Hanna then turned to her project “On the Genealogy of Machine Learning Datasets: A Critical History of ImageNet,” a research endeavour where her work on machine learning datasets as a form of infrastructure and the mapping of the genealogy of datasets collide. She dove into how ImageNet set the tone for the ways machine learning research is approached as a whole even though its inception was as a training tool for computer vision practitioners. Although the discourse surrounding ImageNet is inherently multidisciplinary (media studies, cultural studies, data science, art history, and linguistics come to mind), Hanna explained that the interdisciplinary nature of the dataset is rarely taken into consideration. Of the three striking findings that are key to this discovery, I was drawn to the second (under the subheading Computational Construction of Meaning and Understanding) to better understand the implications that come from ignoring an integrative approach. Hanna outlined how the underlying construction of computer vision stems from an epistemology that assumes the existence of a universal organization of the visual world.
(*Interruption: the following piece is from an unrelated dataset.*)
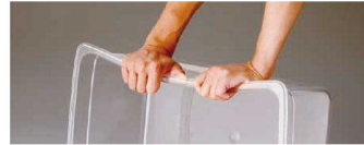
●割れにくく耐衝撃性に非常に優れ、食品保存や運搬などに最適です。

トライタンは人体に悪影響を受けるかもしれない化学物質ビスフェノールAを含みません。 妊婦、幼児からお年寄りまで安心してご使用いただける材質です。
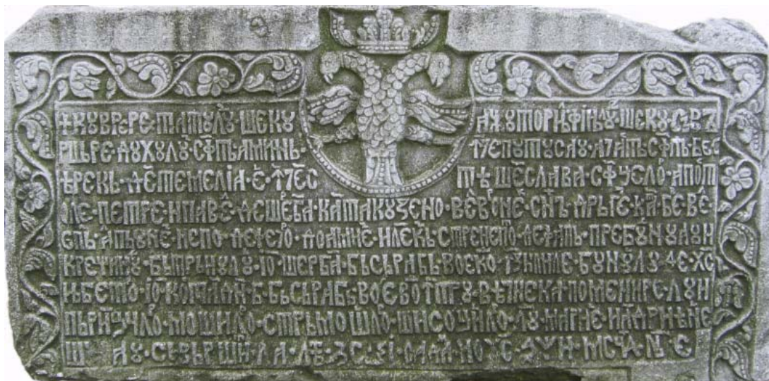
Fig. 1 – Pisania Bisericii „Sf. Apostoli” din anul 1708

Alexandru Scarlat Ghica emite hrisovul prin care înzestrează mănăstirea „Sf. Spiridon”, recent înființată, cu toată moșia domnească din Ruși și îi închină și biserica, ctitorie Cantacuzină 6 , se va declanșa o lungă luptă de rezistență a târgoveților, deveniți clăcași, împotriva actului de danie și pretențiilor noului proprietar.

ImageNet does not work to parse out the complicated relationship between image and meaning and as such fails to recognize that this view perpetuates a discourse that reflects a perspective that is white, male, Western and, in turn, becomes naturalized and invisible.
When asked to elaborate further on remedies for benchmarking, Hanna advocated for a collective approach. “Find collectivities,” she urged. She encouraged us to read research on alternatives practices to benchmarking with fellow peers (a great starting point is Hanna’s own collaborative work). I found this final piece of guidance encapsulated the overall sentiment of Dr. Hanna’s presentation, to reconsider the universal narrative of datasets and benchmarking through collective learning.